▶ Your instructions: Once you have located the line containing "昔可家纺2023新款甜酷黑粉系列乳胶凉席 芭蕾风丝带蝴蝶结" in the material below, return it exactly along with each line after it through the line containing "与新房市场的收缩形成鲜明反差".

▶ Records shown:
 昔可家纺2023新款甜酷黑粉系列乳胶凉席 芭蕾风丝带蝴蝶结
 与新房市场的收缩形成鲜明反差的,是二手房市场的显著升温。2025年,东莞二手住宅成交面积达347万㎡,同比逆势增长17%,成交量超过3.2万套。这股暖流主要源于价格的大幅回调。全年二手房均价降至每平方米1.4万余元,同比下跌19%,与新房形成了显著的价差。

...

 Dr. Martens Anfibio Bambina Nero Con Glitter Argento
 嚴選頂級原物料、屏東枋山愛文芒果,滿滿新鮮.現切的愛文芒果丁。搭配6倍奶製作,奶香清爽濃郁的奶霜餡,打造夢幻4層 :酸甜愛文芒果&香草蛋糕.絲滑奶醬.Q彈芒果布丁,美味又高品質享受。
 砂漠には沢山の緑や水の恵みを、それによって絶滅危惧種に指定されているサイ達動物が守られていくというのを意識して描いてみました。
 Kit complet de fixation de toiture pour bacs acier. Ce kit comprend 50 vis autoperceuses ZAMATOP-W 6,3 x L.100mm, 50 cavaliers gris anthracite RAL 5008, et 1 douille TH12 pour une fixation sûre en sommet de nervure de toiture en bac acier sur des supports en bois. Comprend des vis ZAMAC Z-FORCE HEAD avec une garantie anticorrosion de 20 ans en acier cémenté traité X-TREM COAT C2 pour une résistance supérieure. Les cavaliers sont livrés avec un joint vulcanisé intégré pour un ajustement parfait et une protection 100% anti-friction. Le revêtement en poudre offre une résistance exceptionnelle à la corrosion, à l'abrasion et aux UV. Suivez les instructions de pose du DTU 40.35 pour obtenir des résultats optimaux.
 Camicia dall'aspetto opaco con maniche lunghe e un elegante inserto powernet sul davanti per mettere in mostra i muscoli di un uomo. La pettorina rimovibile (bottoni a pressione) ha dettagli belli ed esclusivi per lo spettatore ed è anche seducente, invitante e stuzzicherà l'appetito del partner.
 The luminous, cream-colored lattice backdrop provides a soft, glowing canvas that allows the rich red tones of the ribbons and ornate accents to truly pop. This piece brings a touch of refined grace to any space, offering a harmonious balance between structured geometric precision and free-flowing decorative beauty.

--

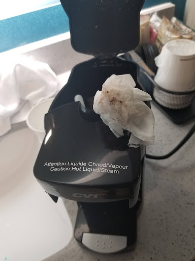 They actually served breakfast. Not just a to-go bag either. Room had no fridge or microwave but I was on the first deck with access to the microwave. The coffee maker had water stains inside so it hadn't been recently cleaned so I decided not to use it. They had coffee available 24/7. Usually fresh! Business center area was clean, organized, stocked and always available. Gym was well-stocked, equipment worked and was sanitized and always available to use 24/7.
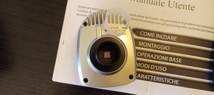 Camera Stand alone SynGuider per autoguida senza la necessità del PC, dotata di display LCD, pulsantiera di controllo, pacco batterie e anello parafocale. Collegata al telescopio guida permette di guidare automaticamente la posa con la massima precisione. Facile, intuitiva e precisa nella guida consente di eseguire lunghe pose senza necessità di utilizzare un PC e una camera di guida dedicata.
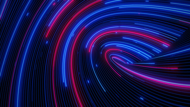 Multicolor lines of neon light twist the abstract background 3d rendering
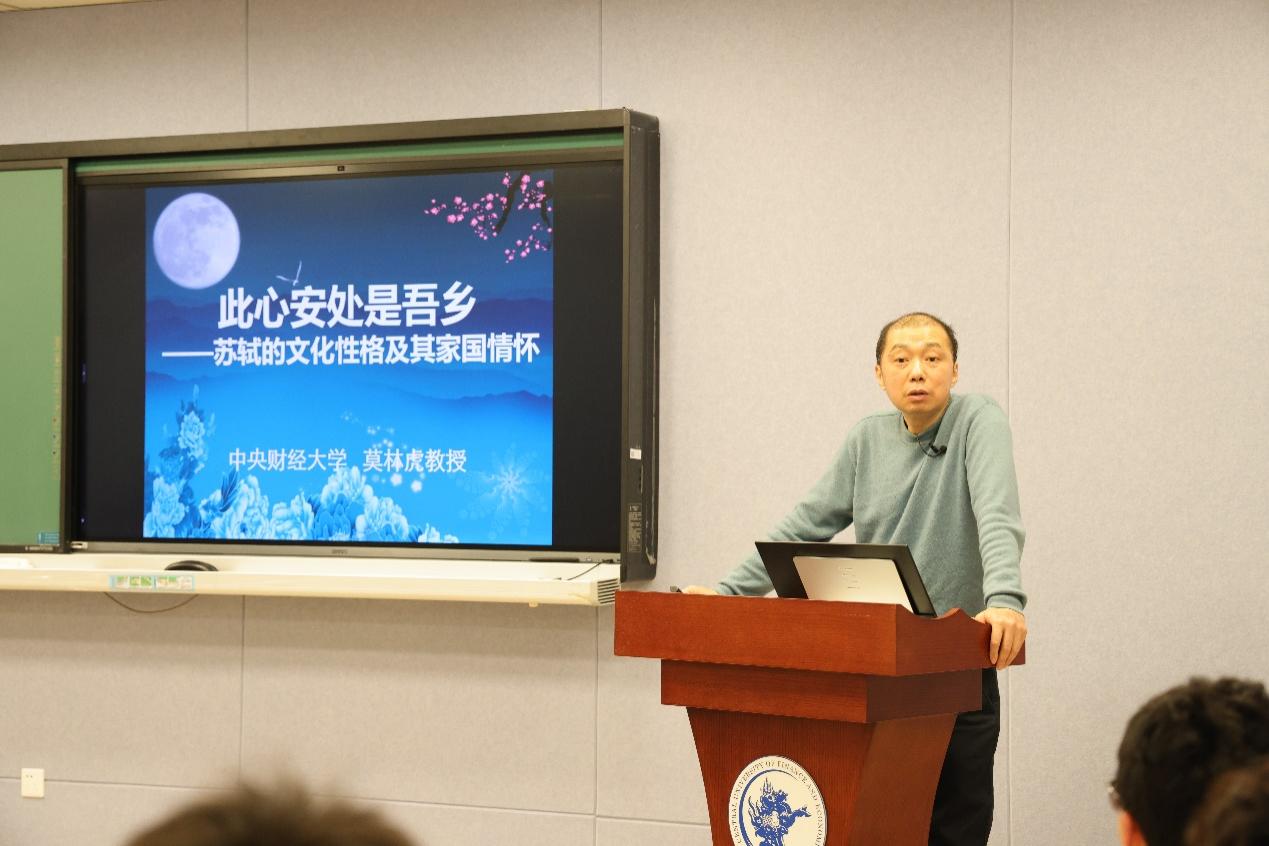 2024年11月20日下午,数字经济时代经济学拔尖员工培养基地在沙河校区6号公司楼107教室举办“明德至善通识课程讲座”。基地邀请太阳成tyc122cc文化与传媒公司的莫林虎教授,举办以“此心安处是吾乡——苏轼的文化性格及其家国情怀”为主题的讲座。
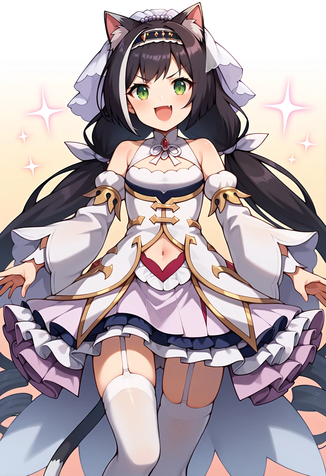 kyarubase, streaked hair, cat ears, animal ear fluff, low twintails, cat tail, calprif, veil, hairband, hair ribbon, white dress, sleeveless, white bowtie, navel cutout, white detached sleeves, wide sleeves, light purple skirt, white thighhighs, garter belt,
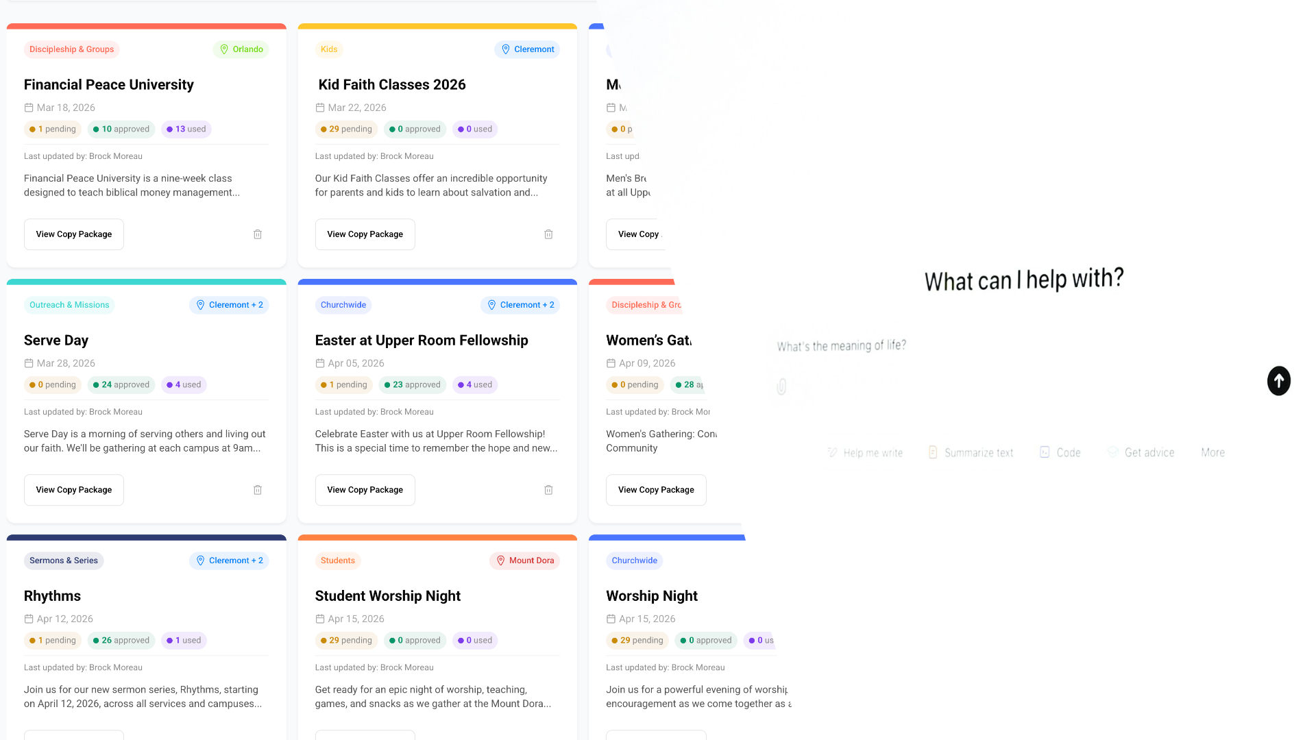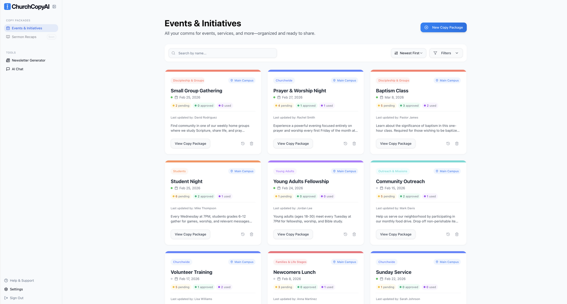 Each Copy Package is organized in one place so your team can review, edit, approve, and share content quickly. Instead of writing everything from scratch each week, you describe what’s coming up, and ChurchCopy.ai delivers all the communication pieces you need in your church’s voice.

▶ Finished exercise:
 昔可家纺2023新款甜酷黑粉系列乳胶凉席 芭蕾风丝带蝴蝶结
 与新房市场的收缩形成鲜明反差的,是二手房市场的显著升温。2025年,东莞二手住宅成交面积达347万㎡,同比逆势增长17%,成交量超过3.2万套。这股暖流主要源于价格的大幅回调。全年二手房均价降至每平方米1.4万余元,同比下跌19%,与新房形成了显著的价差。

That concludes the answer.